-- Recorded data follows --

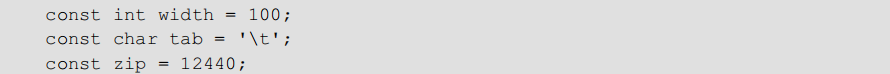 通过使用 const 前缀可以定义指定类型的常量,就像定义一个变量一样:
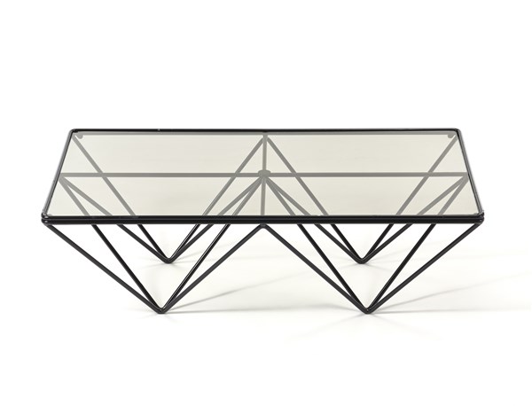 Tavolino modello "Alanda". Produzione B&B, Italia, 1982. Struttura in acciaio a piramidi rovesciate color nero lucido, piano in vetro. (cm 100x30x54) (lievi difetti)
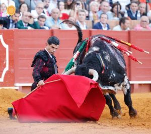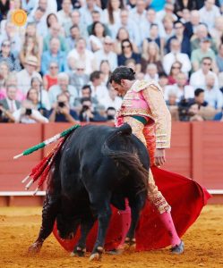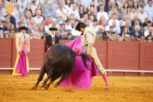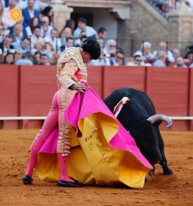 4º ‘Bocinero’, nº 69. No pudo lucirse de salida con el capote Juan Ortega ante el cuarto. Sí que lo hizo en el quite tras el primer puyazo, en un sensacional quite por verónicas, muy despacio. Después del segundo puyazo, realizó un magnífico quite por cordobinas David de Miranda. Con unos preciosos muletazos por bajo rodilla en tierra, alargando el viaje del toro, inició la faena Juan Ortega. Sensacional astado de Victoriano del Río, con codicia, con entrega, con transmisión. Fondo de bravo del animal y obra cumbre del diestro de Sevilla, sobresaliendo las tandas ejecutadas con la mano derecha. Ajuste, reunión, pureza, temple, torería, naturalidad de Juan Ortega, que puso a la Maestranza en pie. Acertó en el planteamiento el matador hispalense, perdiéndole pasos al toro puesto que se venía con celo después de cada muletazo. Por el lado izquierdo, hubo tan sólo una tanda, ya que por ahí el burel exigía al torero colocarse entre muletazo y muletazo. Cerró la faena con unos bellos ayudados. Espadazo algo desprendido. Oreja con petición de la segunda.
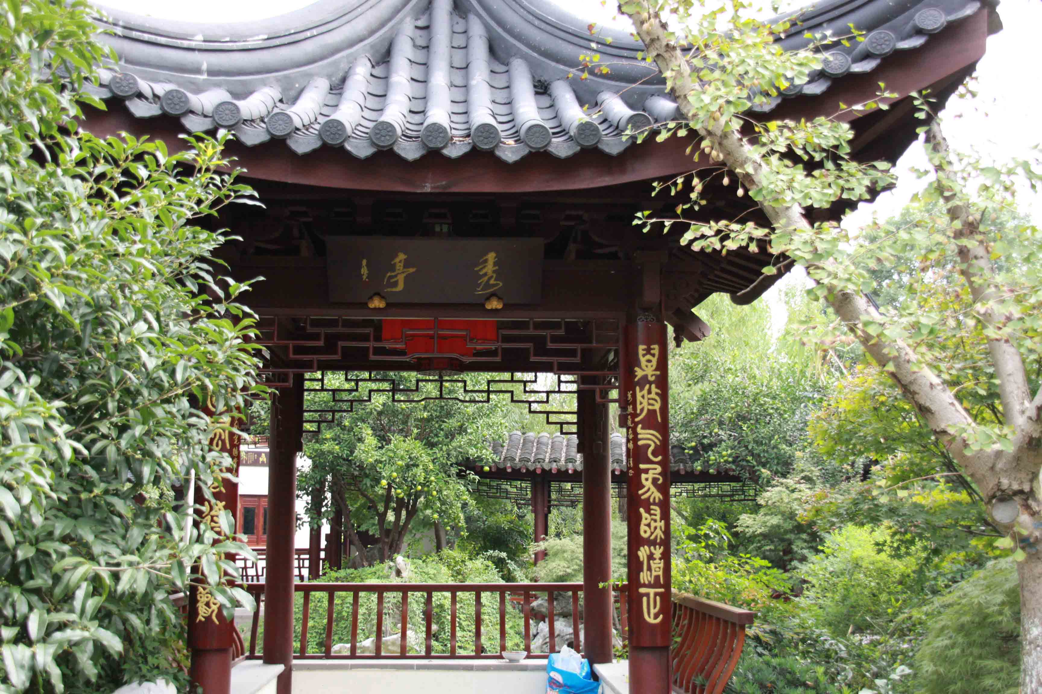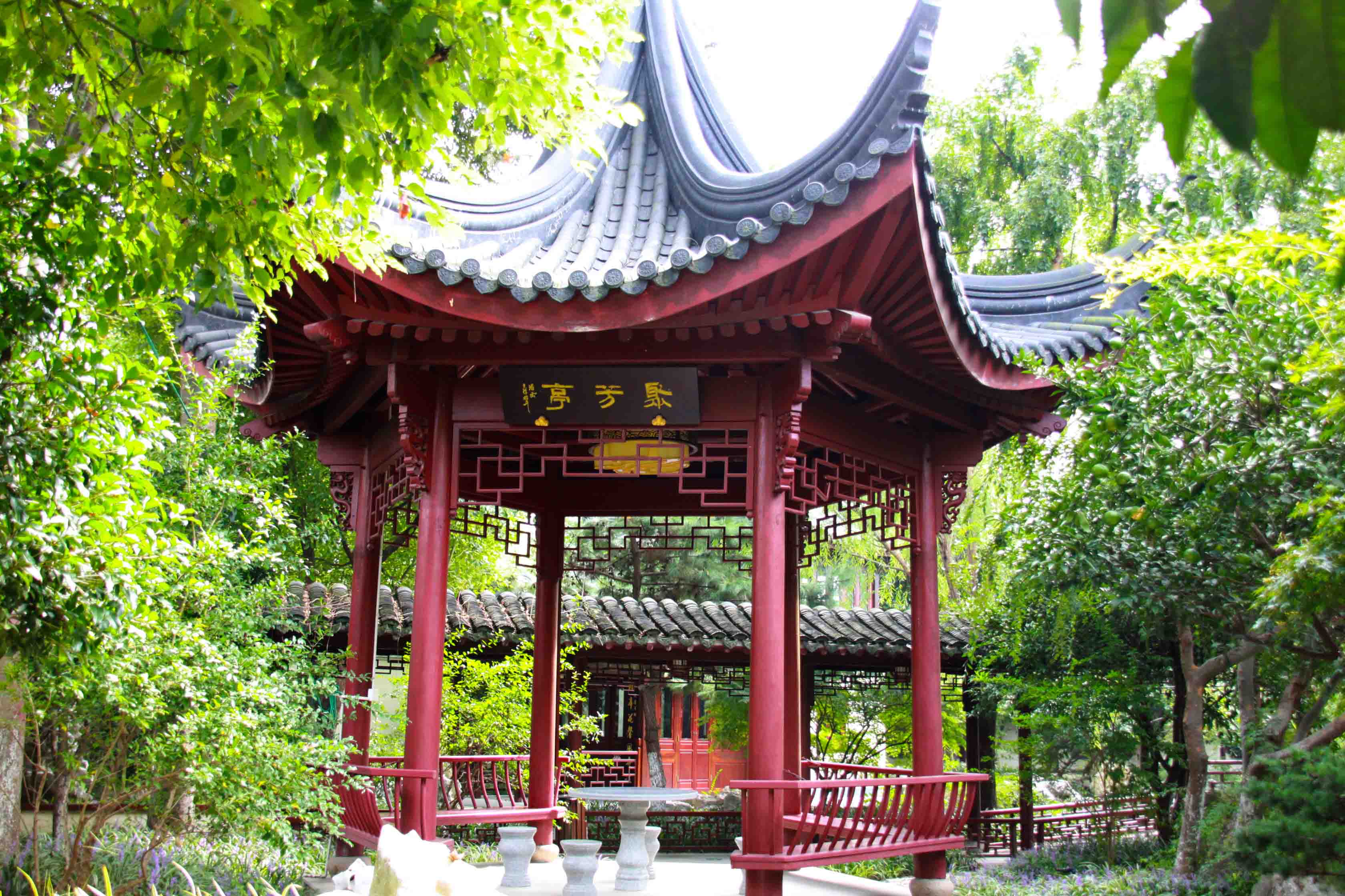 園內(nèi)建有 “具美亭”一座,四周綠草如茵,林木疏朗。亭位居正中,為四角攢尖,造型方正大氣,“三才相匯存真趣,四美咸臻促朗吟”亭聯(lián)為浙江詩(shī)人吳亞卿所撰,將匯才之名,景色之美嵌入其中?!熬呙劳ぁ本吧臅r(shí)具美,又意紅木家具之美,一語(yǔ)雙關(guān),可見(jiàn)匠心。
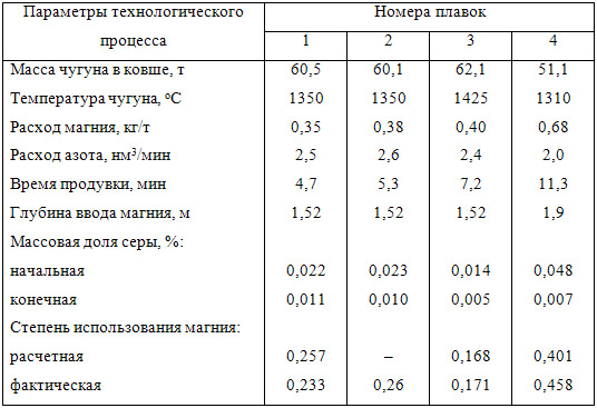 Анализ приведенных в таблице данных показывает, что с учетом точности определения степени использования магния для десульфурации чугуна в промышленных условиях совпадение расчетных и экспериментальных результатов можно считать вполне удовлетворительным.
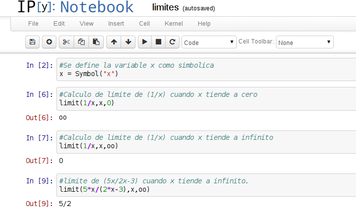 En este caso se mostrará como realizar cálculo de límites con sympy.
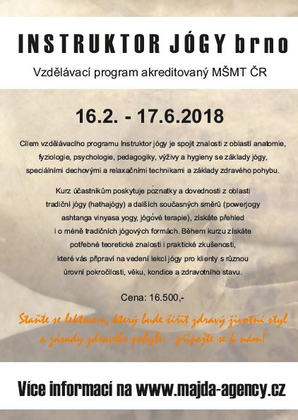 18.01.2018 09:00Vzdělávací program akreditovaný MŠMT - INSTRUKTOR JÓGY
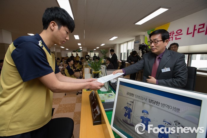 (서울=포커스뉴스) 2016년 첫 징병검사가 실시된 21일 오전 서울 영등포구 서울지방병무청에서 올해 첫 현역판정을 받은 김현수 씨가 신체검사결과통보서를 받고 있다.
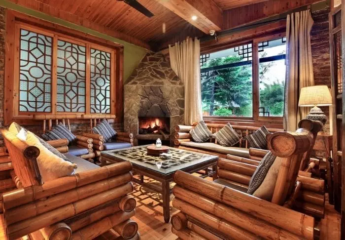 In der Bamboo Bar des Hotels können Sie sich im Loungebereich in eines der eleganten Bambussofas setzen, ein Brettspiel spielen, ein Buch lesen oder Entspannungsmusik hören, während Sie eines der vielen verschiedenen Getränke der Bar schlürfen. Im Sommer können Sie sich mit der Klimaanlage der Bar abkühlen, im Winter wärmen Sie die Flammen des Kamins.
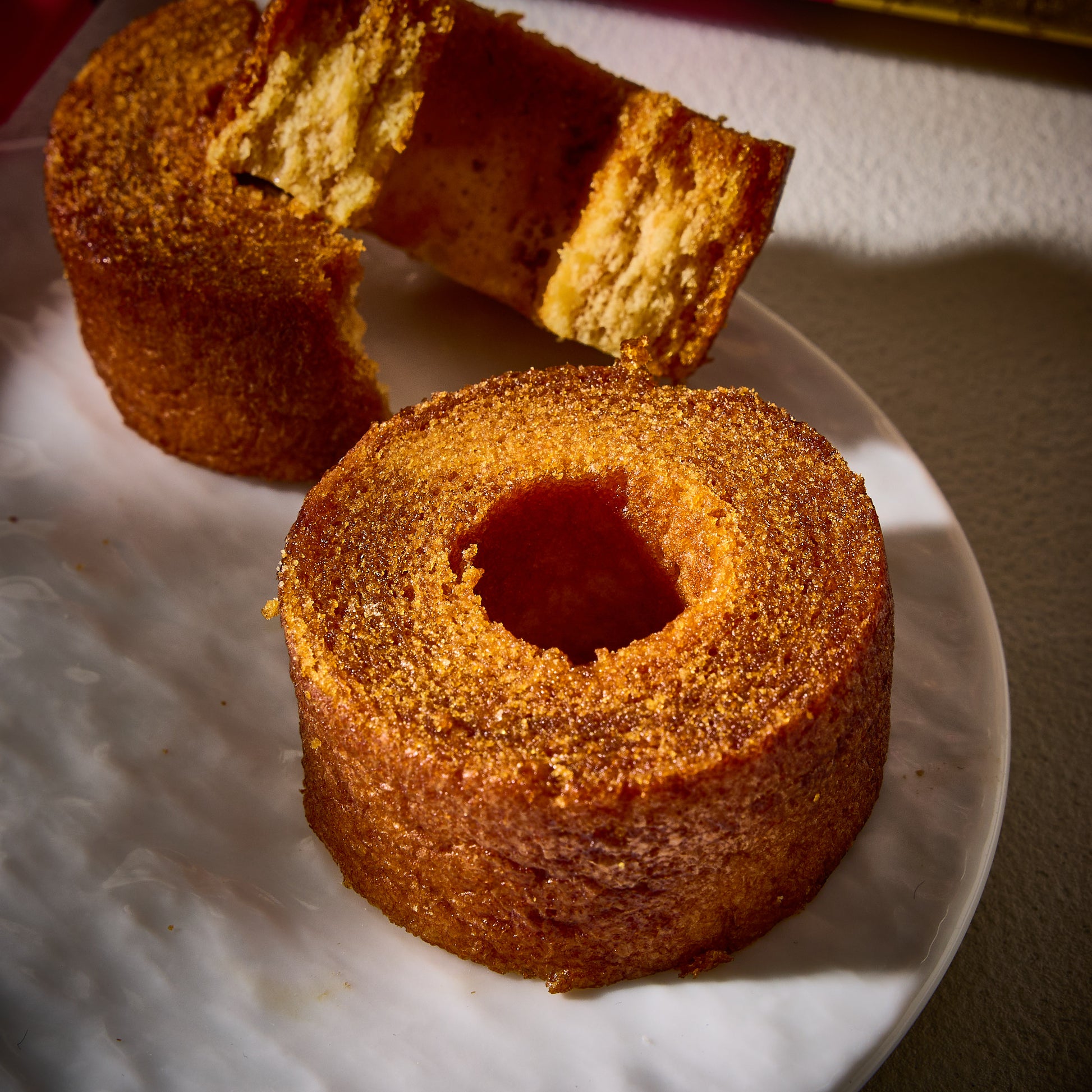 This Japanese baumkuchen is meticulously crafted by layering pudding-flavored batter, baking each layer until golden, and then dipping it in rich caramel sauce. It is then lightly sprinkled with sugar and caramelized to perfection, creating a beautiful golden finish.

-- Recorded data concluded --

*Task details*: Please transcribe, word for word, every line from the first line of the records above through the line containing "100x30x54) (lievi difetti)", and leave out any pictures.

*Exercise answer*:
 通过使用 const 前缀可以定义指定类型的常量,就像定义一个变量一样:
 Tavolino modello "Alanda". Produzione B&B, Italia, 1982. Struttura in acciaio a piramidi rovesciate color nero lucido, piano in vetro. (cm 100x30x54) (lievi difetti)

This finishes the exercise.